Night Moves (2013)


Director/writer Kelly Reichardt seems to be carving out a niche as an expert in measured character studies that blur the boundaries of genre film making. While her latest effort may seem to be running at a sprint compared to previous work, her environmental activists/terrorists make for a calm and contemplative thriller. It falls by the wayside in the final act but crafts a satisfying experience up to that point.

Young activists Josh (Jesse Eisenberg) and Dena (Dakota Fanning) are planning something big. Josh is the serious idealist, paranoid and tense at all times, while Dena seems to treat the whole affair as a game. Teaming up with the older and not entirely reliable explosives expert Harmon (Peter Sarsgaard), the trio plot to blow up a dam to make a statement about the damage such projects cause to the environment. However, as is the way with these things, an unforeseen occurrence leads to a tragic consequence which they are forced to deal with.

Reichardt is no bombastic director bathing her films in moments of flashy action and hardwired tension. She excels far more at the minutiae of life. The interactions between her leading trio are wonderfully observed with distinct personas developing for Dena and Harmon in particular. Little quirks emerge for them all. Harmon turns out to be a much flakier guy than the other two hoped for while Dena is ill-equipped for the reality of their task. It’s only Eisenberg that struggles, stuck with a character so taciturn he’s practically a blank slate.


The environmental destruction people have wreaked on the world is carefully weaved into the film. When they go to buy a second-hand boat, the camera lingers on the seller’s sculpted garden and the golf he’s watching on TV. They even end up discussing the damage golf courses cause. A dead pregnant deer lying on the edge of the road later is blunter but still effective.

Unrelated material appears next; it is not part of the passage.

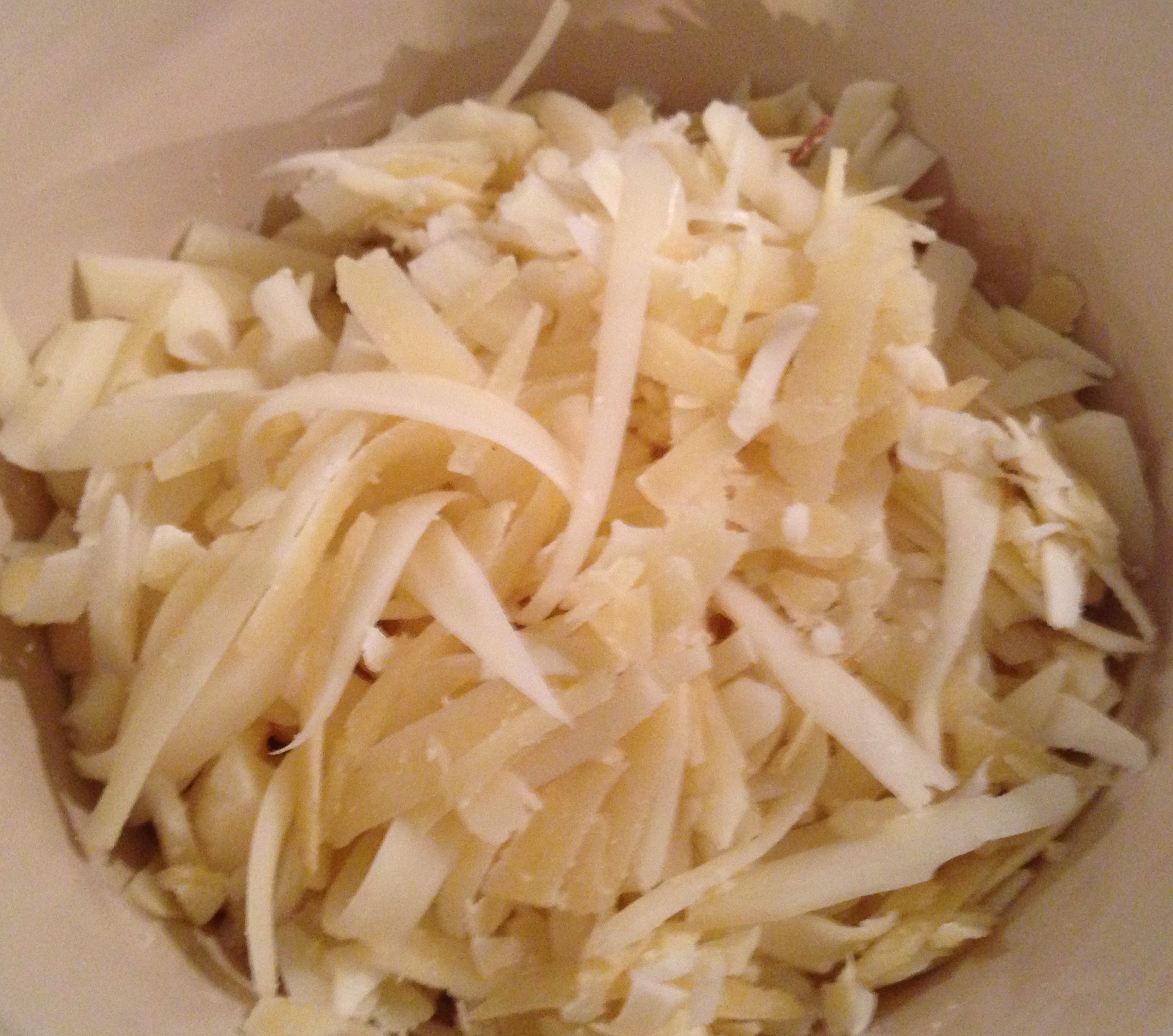 Nel frattempo tagliare a piccoli cubetti oppure grattugiate a listelle grosse (vedi foto), tutto il formaggio, mischiandolo per bene.

For all the character focus, the dramatic high water mark comes when the three radicalists destroy the rivers high water mark by taking down the dam. Without ever rushing the drama, Reichardt builds considerable tension in the run-up and immediate aftermath. Roadblocks are thrown in along the way – an unexpected passer-by, a stalling car and even an actual roadblock – without ever lasting long enough to become forced.

It’s the aftermath that drops away. When their actions lead to unexpected consequences, pressure mounts on all three as they struggle to deal with their crime. Yet the realism that marked the first two acts begins to break down. Josh’s blank face can’t explain what’s going on and soon enough they’ve stumbled into high melodrama and a series of preposterous actions. It’s a disappointing end to an otherwise absorbing story.

Reichardt has crafted an interesting and thoughtful film that can’t see itself through. There is still plenty to recommend it, particularly the sharp character focus early on. If only it could have held that note to the end.